*Problem to work on*.
Begin at the line containing "Veľký Slavkov, Tatry." in the records below, end at the line containing "Một chiếc hộp", and retype each line in that span exactly. No other line and no image should appear.

*Information*.

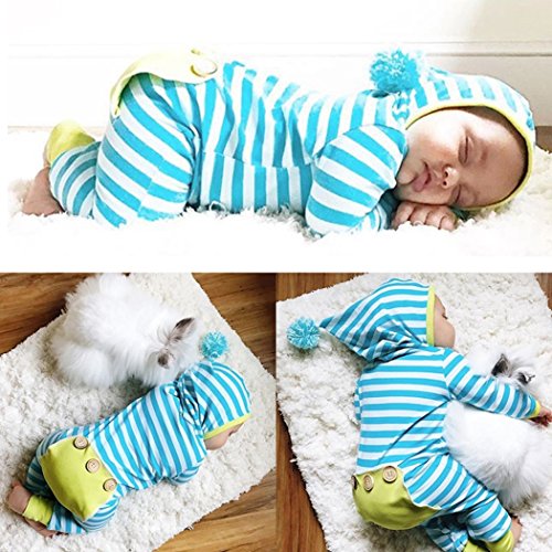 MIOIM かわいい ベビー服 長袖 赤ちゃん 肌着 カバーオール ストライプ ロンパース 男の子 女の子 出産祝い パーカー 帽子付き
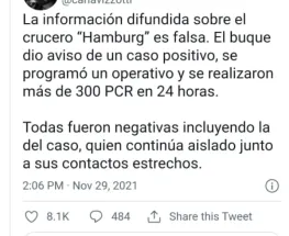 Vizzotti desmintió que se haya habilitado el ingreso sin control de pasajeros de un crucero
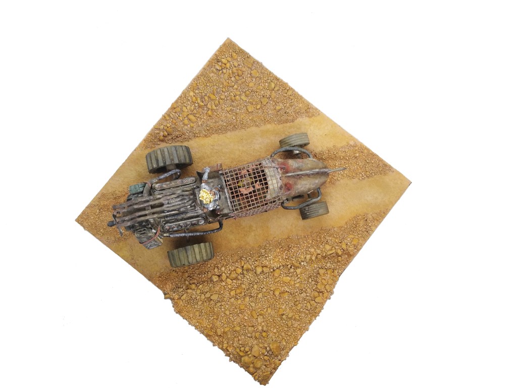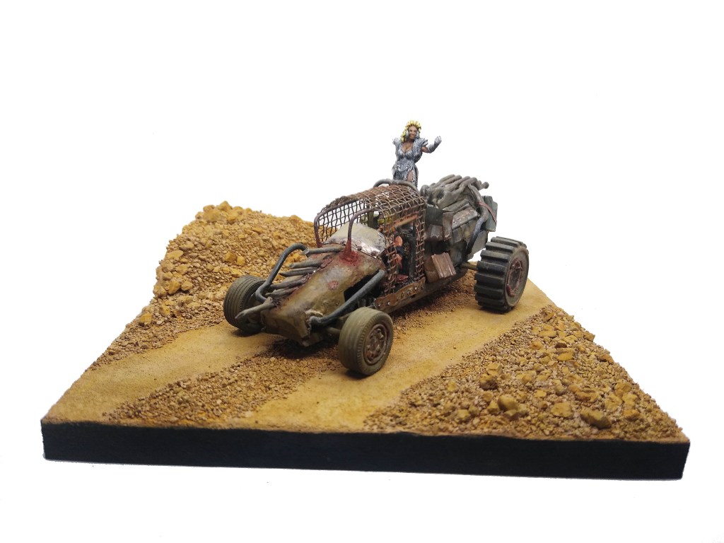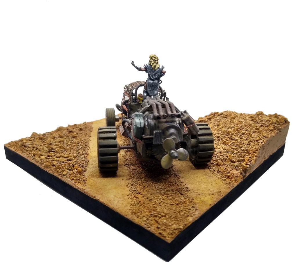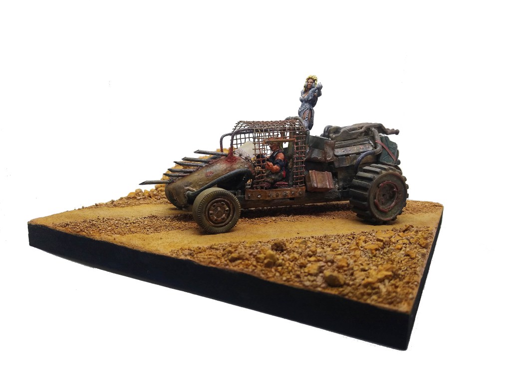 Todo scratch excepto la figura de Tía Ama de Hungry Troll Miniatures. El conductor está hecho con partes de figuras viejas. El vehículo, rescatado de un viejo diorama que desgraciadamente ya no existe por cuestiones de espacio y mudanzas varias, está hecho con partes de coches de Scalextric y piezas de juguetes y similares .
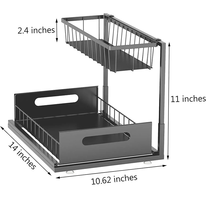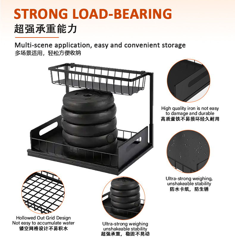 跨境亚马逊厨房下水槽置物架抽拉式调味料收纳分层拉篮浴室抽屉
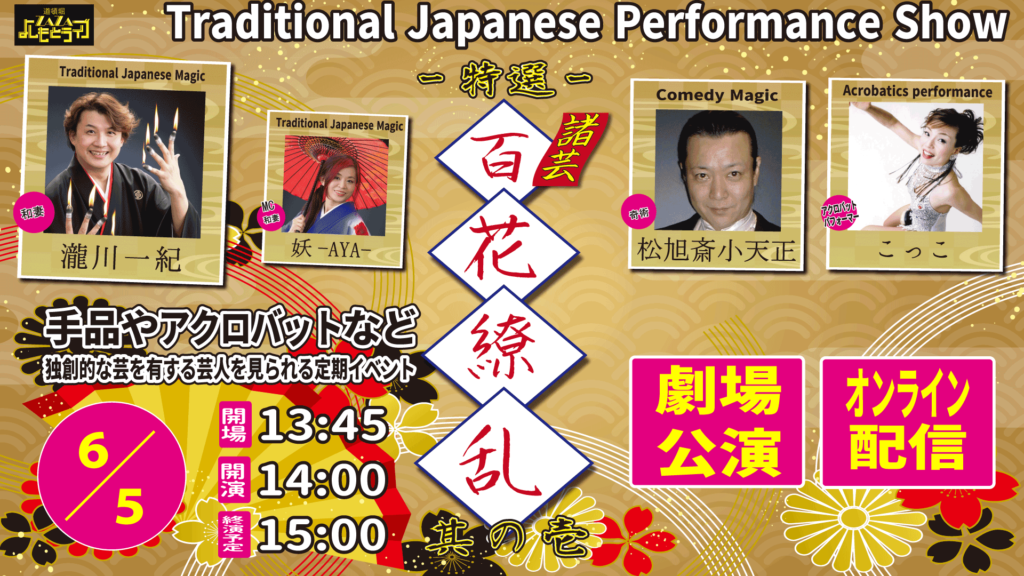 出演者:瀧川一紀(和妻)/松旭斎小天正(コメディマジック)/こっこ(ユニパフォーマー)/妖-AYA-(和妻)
...
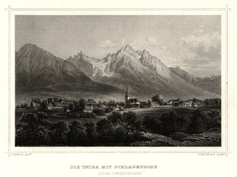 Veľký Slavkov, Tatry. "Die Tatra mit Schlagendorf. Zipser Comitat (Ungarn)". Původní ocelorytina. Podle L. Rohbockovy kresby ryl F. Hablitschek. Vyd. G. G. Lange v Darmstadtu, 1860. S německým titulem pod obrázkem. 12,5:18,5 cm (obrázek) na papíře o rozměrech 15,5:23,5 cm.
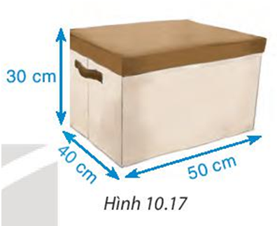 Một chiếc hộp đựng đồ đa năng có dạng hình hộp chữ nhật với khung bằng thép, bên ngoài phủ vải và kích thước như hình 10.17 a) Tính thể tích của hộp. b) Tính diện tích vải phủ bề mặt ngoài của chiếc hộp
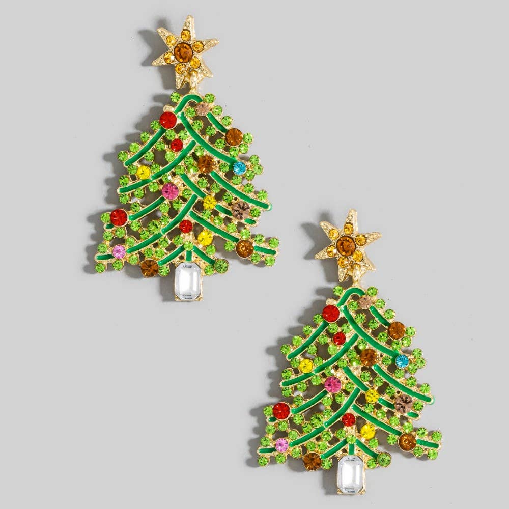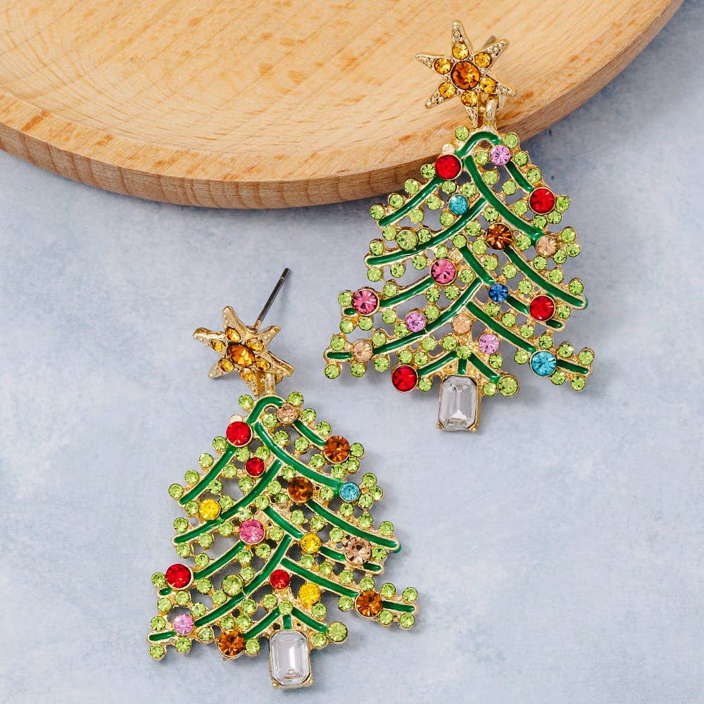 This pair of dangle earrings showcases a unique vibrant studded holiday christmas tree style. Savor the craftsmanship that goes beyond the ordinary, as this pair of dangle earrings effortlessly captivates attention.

*Answer space*.
 Veľký Slavkov, Tatry. "Die Tatra mit Schlagendorf. Zipser Comitat (Ungarn)". Původní ocelorytina. Podle L. Rohbockovy kresby ryl F. Hablitschek. Vyd. G. G. Lange v Darmstadtu, 1860. S německým titulem pod obrázkem. 12,5:18,5 cm (obrázek) na papíře o rozměrech 15,5:23,5 cm.
 Một chiếc hộp đựng đồ đa năng có dạng hình hộp chữ nhật với khung bằng thép, bên ngoài phủ vải và kích thước như hình 10.17 a) Tính thể tích của hộp. b) Tính diện tích vải phủ bề mặt ngoài của chiếc hộp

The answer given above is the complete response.